Biddle, a Mount Airy native, made the varsity basketball team as a freshman at Germantown Friends School, but he quickly learned great height doesn't always equal great success on the court.

"I was playing against some guys on other teams and they were just so much faster than me, and I was just, like, I really don't think this is going to work out," Biddle said. "So I just decided to focus on baseball.

"And I remember the captain of the basketball team, when I told everybody I was going to quit, I remember him saying, 'It's not like you're going to go pro or anything.' "

It appears as if Biddle got the last laugh.

Selected 27th overall by the Phillies in the 2010 baseball draft, the 23-year-old lefthander is in his sixth year in the Phillies' organization, currently pitching for the Triple A Lehigh Valley IronPigs.

He is 2-0, with a 4.05 ERA in four starts with the Iron Pigs since joining the team early this month.

The 6-5, 225-pound lefty provides a daunting presence on the mound, but his focus, or lack thereof, occasionally gets him into trouble.

Biddle allowed one hit and one earned run in five innings against Scranton/Wilkes-Barre on Tuesday, but he threw only 49 strikes on 97 pitches, earning a no-decision in a 5-3 loss.

"I just need to throw more strikes, man," Biddle said. "I can get guys out when I throw the ball over the plate, and when I don't throw the ball over the plate, I stop getting guys out.

"It's just consistency; that's been the word that's haunted me my whole career, and the thing I work the hardest on.

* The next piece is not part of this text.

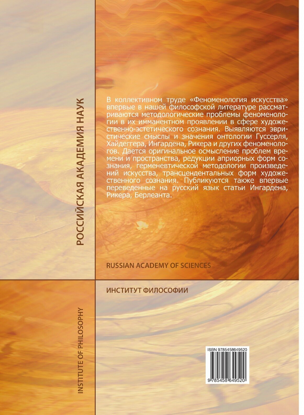 Эта книга - репринт оригинального издания 1996 года, созданный на основе электронной копии высокого разрешения, которую очистили и обработали вручную, сохранив структуру и орфографию оригинального издания. Редкие, забытые и малоизвестные книги, изданные с петровских времен до наших дней, вновь доступны в виде печатных книг. В коллективном труде «Феноменология искусства» впервые в нашей философской литературе рассматриваются методологические проблемы феноменологии в их имманентном проявлении в сфере художественно-эстетического сознания. Выявляются эвристические смыслы и значения онтологии Гуссерля, Хайдеггера, Ингардена, Рикера и других феноменологов. Дается оригинальное осмысление проблем времени и пространства, редукции априорных форм сознания, герменевтической методологии произведений искусства, трансцендентальных форм художественного сознания. Публикуются также впервые переведенные на русский язык статьи Ингардена, Рикера, Берлеанта.

It's one of those things where you try to force it and it doesn't happen, so you got to just relax and let the game come to you."

Biddle originally committed to play college baseball at the University of Oregon and said he almost left Germantown Friends at the beginning of his senior year, to get his GED and pitch at the PAC-12 school.

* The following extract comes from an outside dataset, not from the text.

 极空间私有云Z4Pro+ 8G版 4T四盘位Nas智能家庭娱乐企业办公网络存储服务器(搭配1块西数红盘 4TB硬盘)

"I was one phone call away from doing that," Biddle said of leaving high school early. "But my family and I decided that graduating high school with my class would give me a chance to get drafted in the spot where I wanted to get drafted, and things just worked out that way."

A lifelong Phillies fan who grew up idolizing former All-Star Randy Wolf, Biddle still has trouble expressing how it felt to be drafted by his hometown team.

"It was just a moment that I built up a lot in my head," Biddle said. "I always wanted to get drafted by the Phillies, and the closer and closer I got to it, the less certain I became that it was going to happen, and I really didn't know until [commissioner] Bud Selig called my name on TV."

Biddle has played for five minor league teams, including the Williamsport Crosscutters, Lakewood BlueClaws, Clearwater Threshers and Reading Fightin Phils.

In 128 career appearances, Biddle is 40-41, with a 3.66 ERA.

To help him keep his composure on the mound, Biddle said he often looks at the words written on his red and blue wristbands. The one on his left wrist reads, "EXPLORE YOUR WORLD," while the one on his right reads, "TRY LOVE FIRST."

The bands were a gift from second-graders taught by his older brother Sam at Young Scholars Frederick Douglass Charter School in North Philadelphia, which Biddle visits once a year.

"He changes lives every single day," Biddle said of his brother. "I'm going to go to school whenever baseball is done, and that's honestly something that I would really love to do."